Assignment: Quote exactly, and only, the lines of the material below from the line with "Ціна абонементів у" through the line with "We often think".

Material for the task:
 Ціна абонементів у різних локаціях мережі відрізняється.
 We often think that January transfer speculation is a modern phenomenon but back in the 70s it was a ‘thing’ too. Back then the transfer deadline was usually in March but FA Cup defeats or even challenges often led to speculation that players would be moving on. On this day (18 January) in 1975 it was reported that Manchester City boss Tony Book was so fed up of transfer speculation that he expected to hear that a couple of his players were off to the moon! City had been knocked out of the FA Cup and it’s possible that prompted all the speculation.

---

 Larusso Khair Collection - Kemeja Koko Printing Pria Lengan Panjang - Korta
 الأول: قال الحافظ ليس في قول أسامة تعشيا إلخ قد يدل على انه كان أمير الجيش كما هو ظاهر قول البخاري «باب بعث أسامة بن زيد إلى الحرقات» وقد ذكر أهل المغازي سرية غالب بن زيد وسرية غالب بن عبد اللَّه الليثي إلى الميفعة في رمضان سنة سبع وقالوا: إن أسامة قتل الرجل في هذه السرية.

...

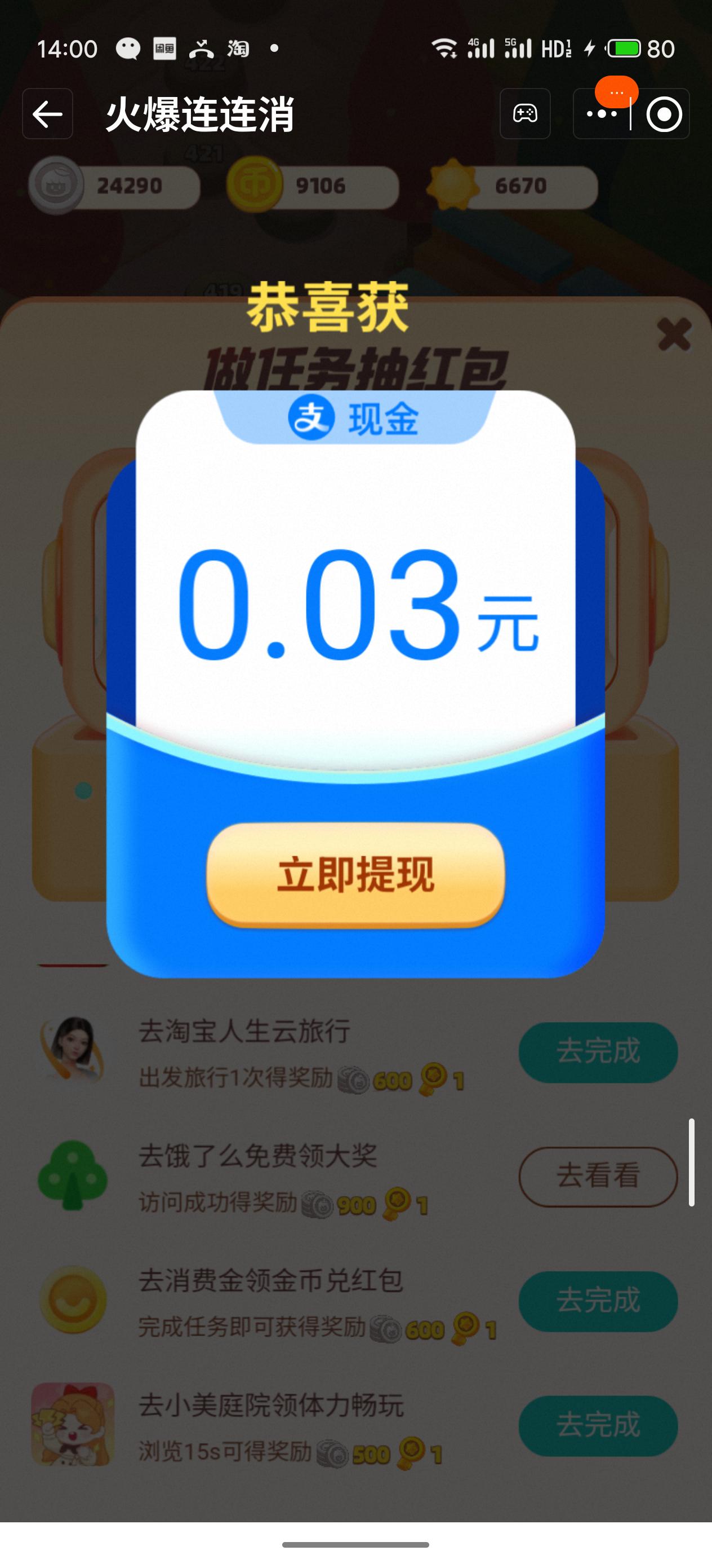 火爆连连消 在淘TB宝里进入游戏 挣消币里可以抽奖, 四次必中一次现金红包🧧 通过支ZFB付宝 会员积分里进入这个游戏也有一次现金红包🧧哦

Solution to this task:
 Ціна абонементів у різних локаціях мережі відрізняється.
 We often think that January transfer speculation is a modern phenomenon but back in the 70s it was a ‘thing’ too. Back then the transfer deadline was usually in March but FA Cup defeats or even challenges often led to speculation that players would be moving on. On this day (18 January) in 1975 it was reported that Manchester City boss Tony Book was so fed up of transfer speculation that he expected to hear that a couple of his players were off to the moon! City had been knocked out of the FA Cup and it’s possible that prompted all the speculation.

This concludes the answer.